Going a little deeper into the altsrc package we can see the Apply() method used by the NewBoolFlag() method also indicates the same,

https://github.com/urfave/cli/blob/7656c5fb838ca8a6febca43100147d317b544fd3/altsrc/flag_generated.go#L19

Please let me know if you determine this to be the case as well.

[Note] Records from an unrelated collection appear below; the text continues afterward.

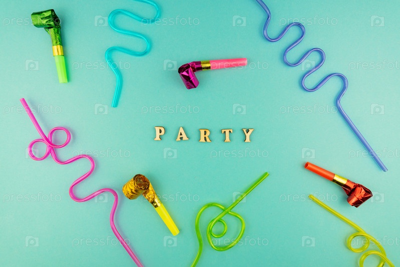 Яркий фон праздничной вечеринки - коктейльные соломинки и свистки для вечеринок на синем фоне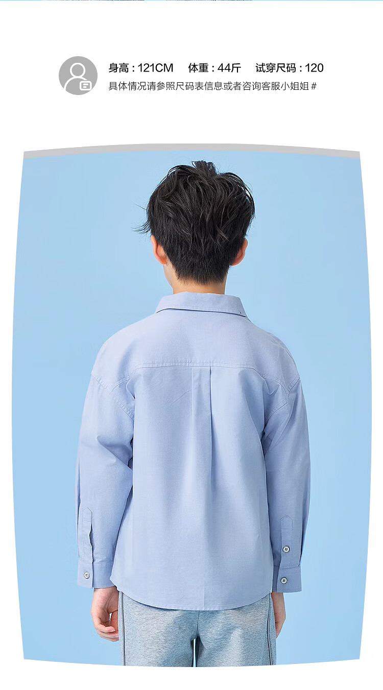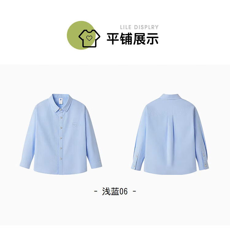 Heilan long-sleeved shirt for boys and girls, autumn pure cotton embroidered shirt for men, light blue 06 140 /68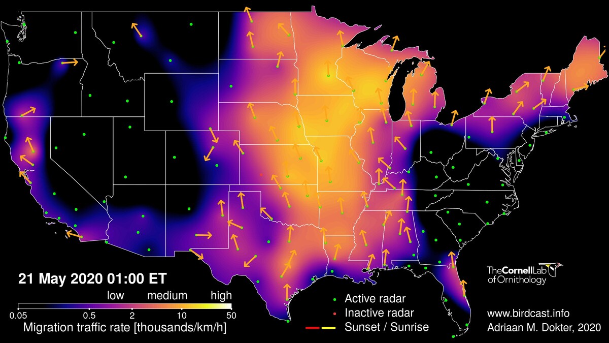 The effect of this is rain south of the northeast U.S from Ohio to the Carolinas. For the past few mornings, radars in the northeast U.S have seen modest bird echoes at night. But, to the south across the mid Atlantic and Ohio Valley, there has been little migration as detected by radar. The figure below depicts an example of this pattern, this mosaic from the night of 20-21 May 2020.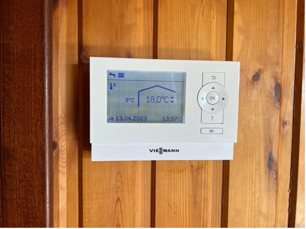 Réglages du thermostat à côté de la porte de l’escalier qui mène à la cave (aussi accessible à distance) :
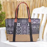 If you're looking for a great bag this is it! It's not only beautiful with the braided leather handles, trim and tassles but I love the fabric exterior! The pattern is really pretty especially for summer and there is so much room in this bag with the 3 large openings, and smaller pockets too, making a perfect bag for vacations and day trips! Comfortable to wear.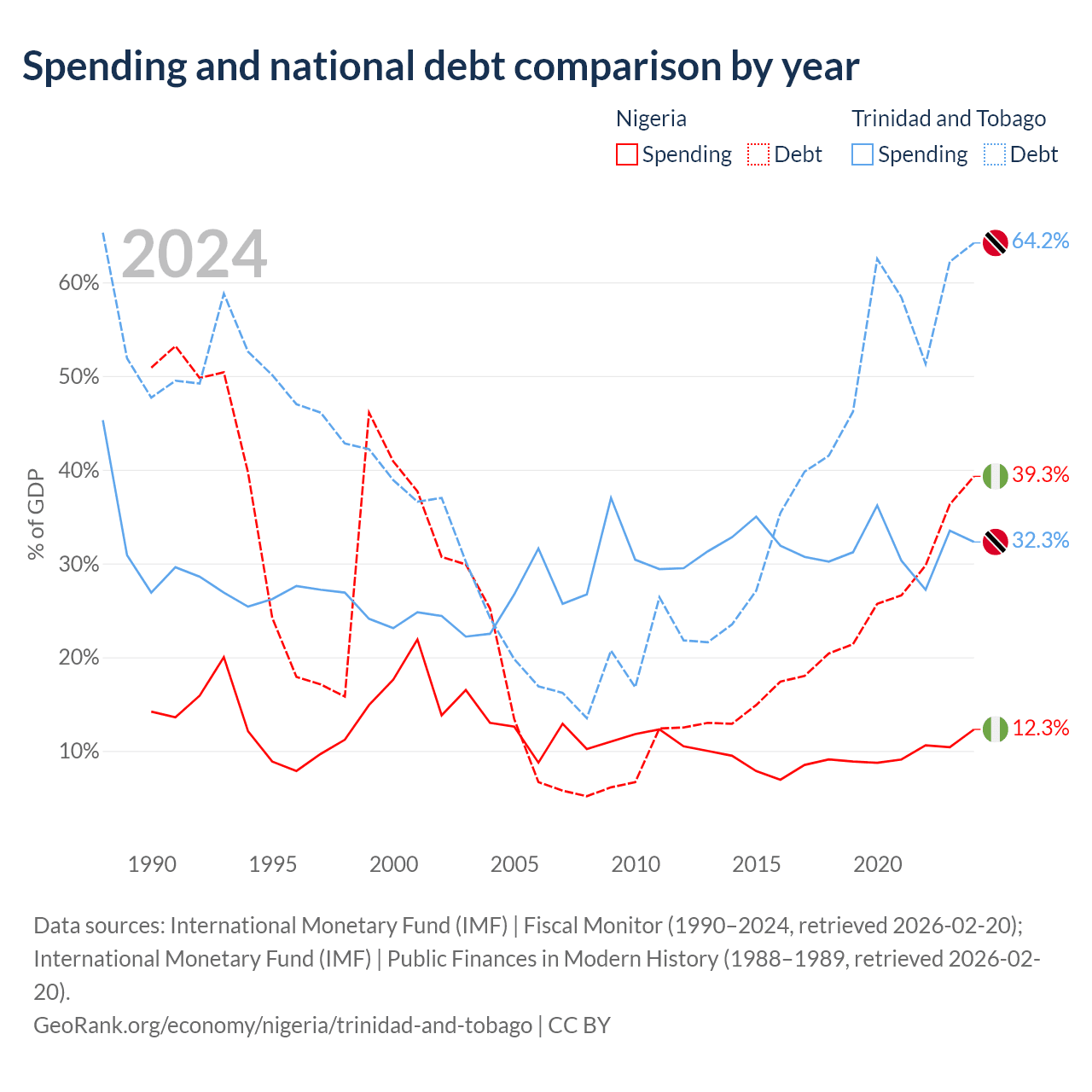 Nigeria has $99.2B in government debt (39.3% of GDP), compared to $16.5B (64.2% of GDP) in Trinidad and Tobago.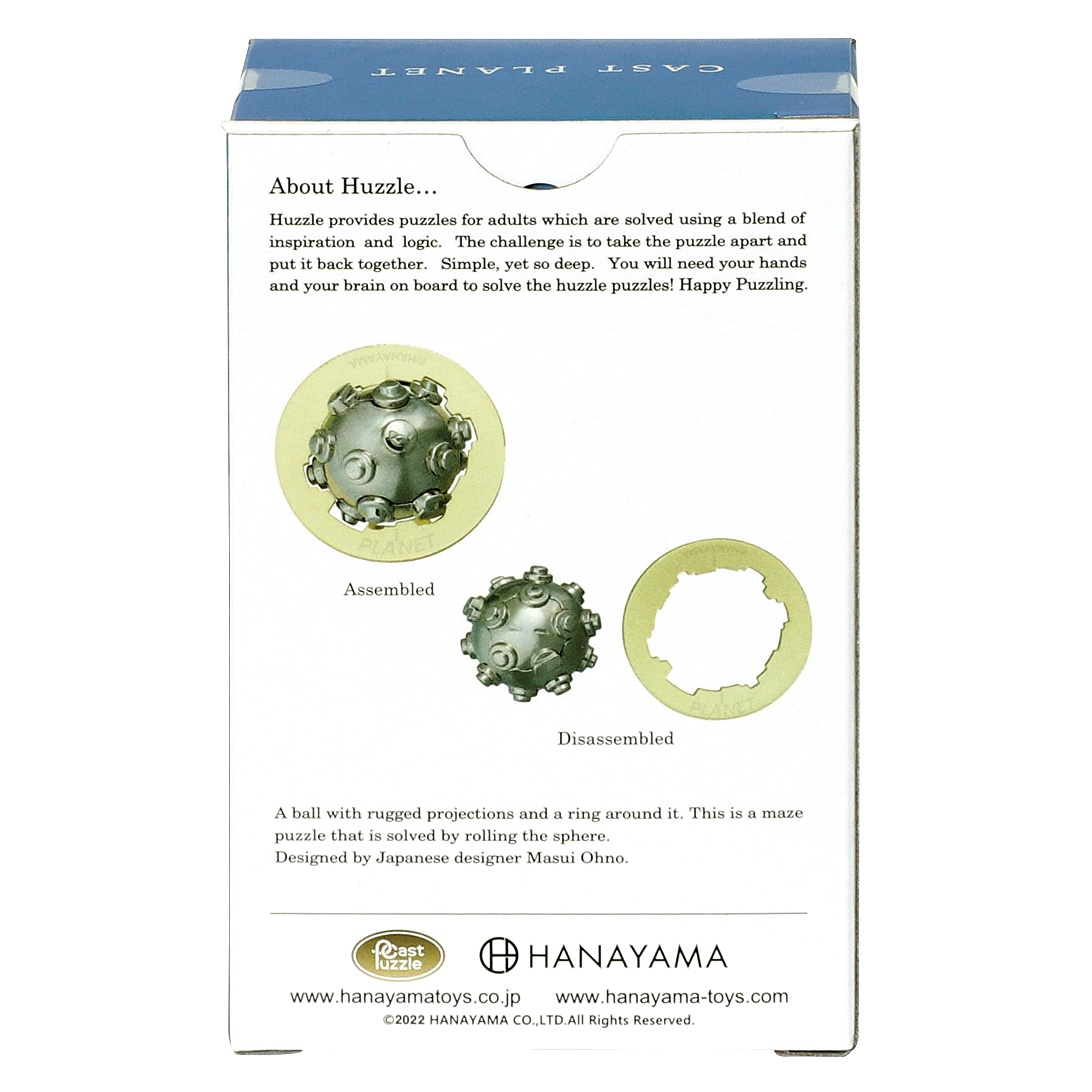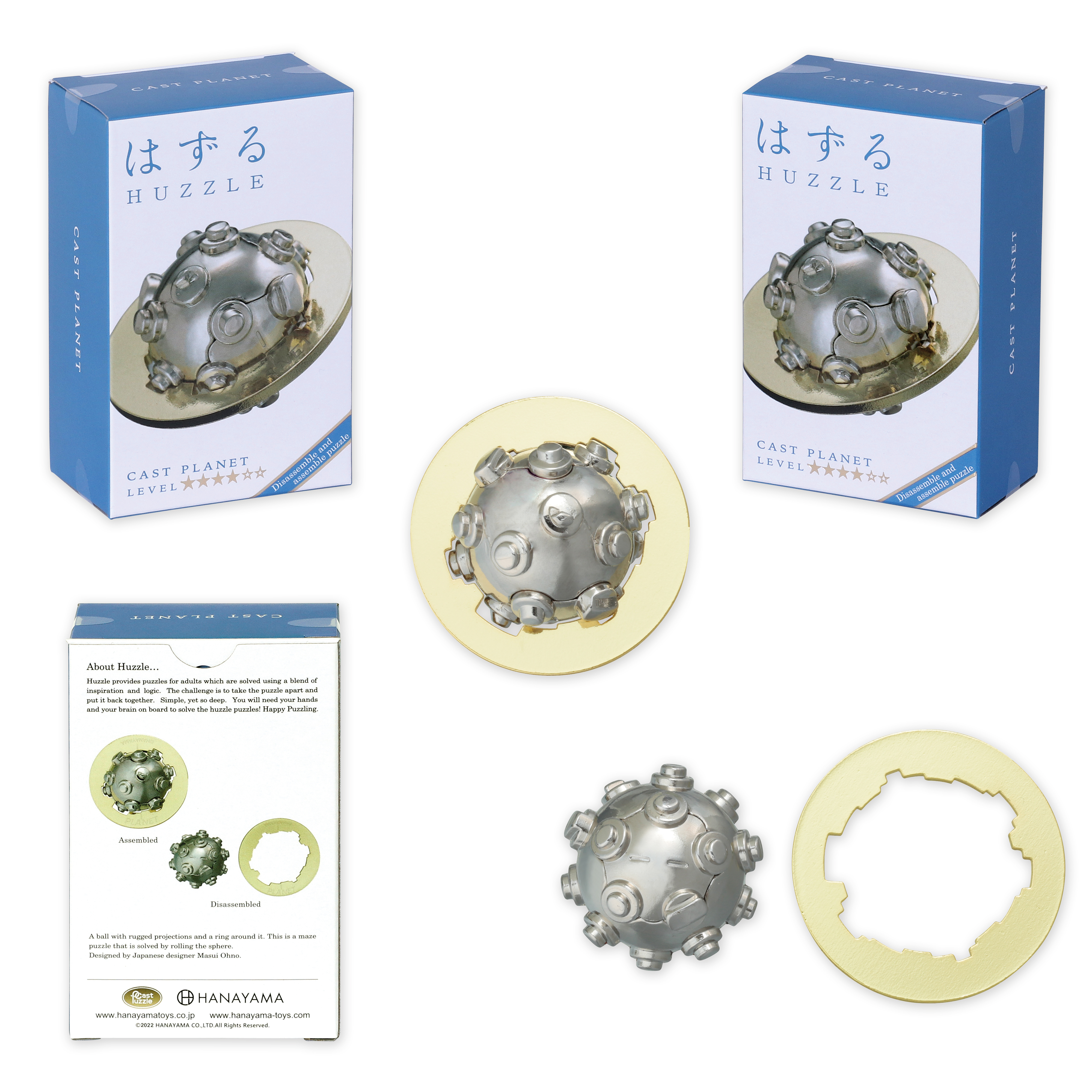 Aufgabe der verzwickten Metallpuzzles ist es, die Teile voneinander zu lösen und wieder zusammen zufügen. Der Name setzt sich zusammen aus 'HUZZLE' von 'to hug and nuzzle' (= umarmen und liebhaben) und 'to cast' (= Metall gießen). Die Puzzles werden aus Gießzink gegossen. Schwierigkeitsgrad 4 Sterne.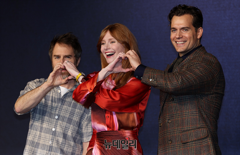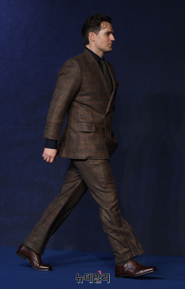 배우 헨리 카빌이 18일 오전 서울 종로구 포시즌스 호텔에서 열린 영화 '아가일' 내한 기자간담회에서 포즈를 취하고 있다.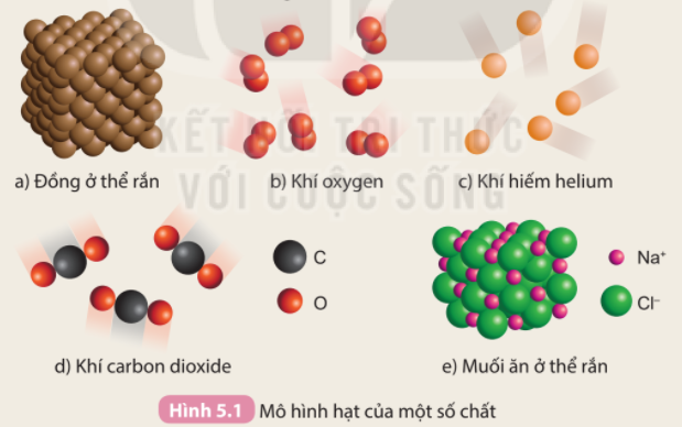 Mô hình hạt của đồng ở thể rắn, khí oxygen, khí hiếm helium, khí carbon dioxide và muối ăn ở thể rắn được biểu diễn trong Hình 5.1
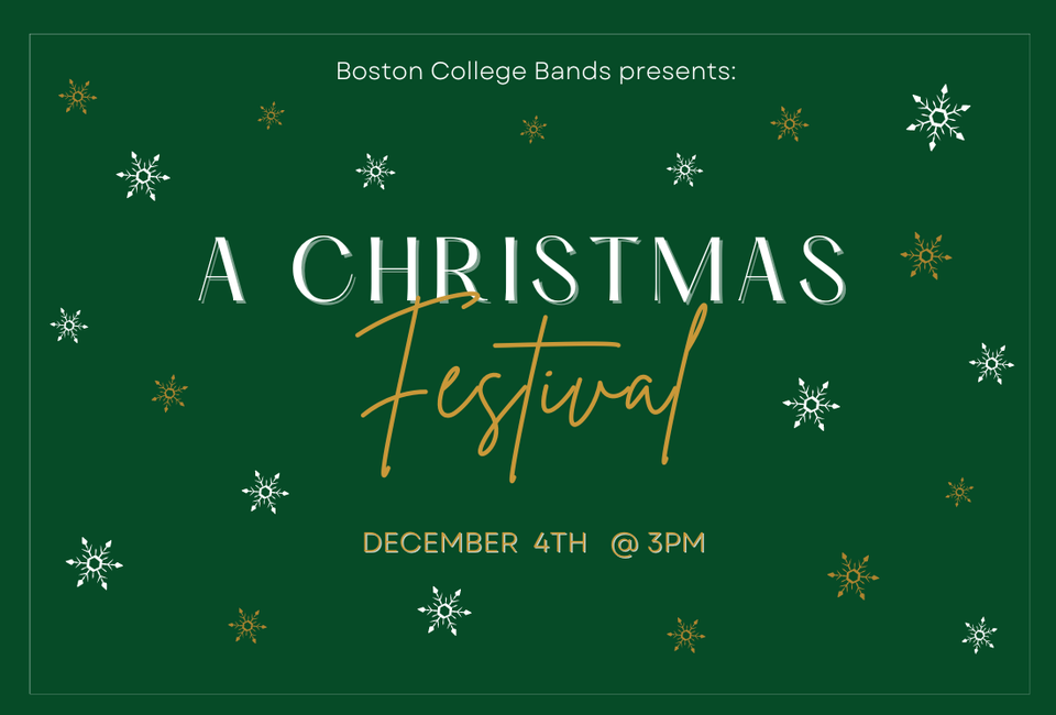 The Boston College Bands, in partnership with Santa, are thrilled to present A Christmas Festival, an annual Christmas concert featuring three bands playing Christmas classics such as "The Nutcracker." Kids can bring letters to Santa and check out a percussion petting zoo after the concert.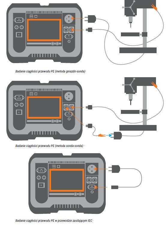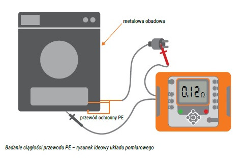 Ciągłość obwodu PE sprawdza się pomiędzy stykiem ochronnym wtyczki, a odsłoniętymi częściami metalowymi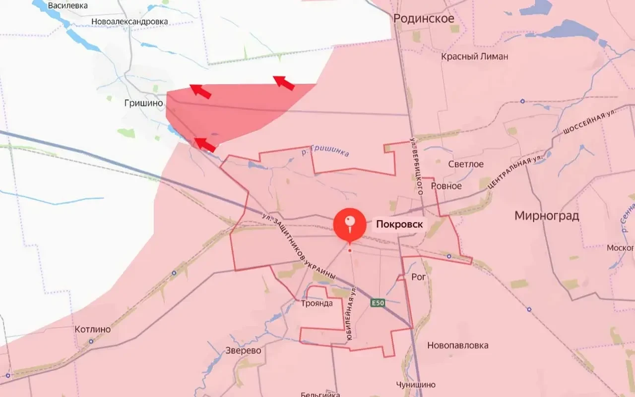 Российские войска, отразив десятки контратак противника на Покровско-Мирноградскую (Красноармейско-Димитровскую) агломерацию, перешли к новой фазе наступления. С начала суток подразделения ВС РФ продвинулись к востоку от села Гришино, одновременно с закреплением успеха в самом селе.
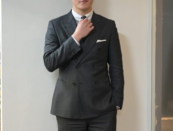 ダブルスーツはシングルのスーツに比べて、そのデティール上スーツ自体がかなり目を引くデザインです!したがってあまり派手な物は選ばず、ダークネイビーやチャコールグレー等のダークトーンのスーツから、入る方が幅が広がります!👍

Hi @connors2015, just tried the code with a log to verify the behavior and it is the one I mentioned:
Without flag:

 ./cloudflared tunnel --url http://locahost:8888
2024-01-12T13:06:36Z INF Thank you for trying Cloudflare Tunnel(...)
2024-01-12T13:06:36Z INF Requesting new quick Tunnel on trycloudflare.com...
(...)
2024-01-12T13:06:38Z INF Auto update disabled: false

With flag

./cloudflared --no-autoupdate tunnel --url http://locahost:8888
2024-01-12T13:07:12Z INF Thank you for trying Cloudflare Tunnel(...)
2024-01-12T13:07:12Z INF Requesting new quick Tunnel on trycloudflare.com...
(...)
2024-01-12T13:07:15Z INF Auto update disabled: true

This is because we use the method cli.context.Bool:

autoupdater := updater.NewAutoUpdater(
c.Bool("no-autoupdate"), c.Duration("autoupdate-freq"), &listeners, log,
)

Which only checks if the flag is there or not:
https://github.com/urfave/cli/blob/7656c5fb838ca8a6febca43100147d317b544fd3/flag_bool.go#L161

Will close this issue since the problem isn't with cloudflared but with the way the image is being set up without the --no-autoupdate flag. Feel free to reach out again if you have any doubts.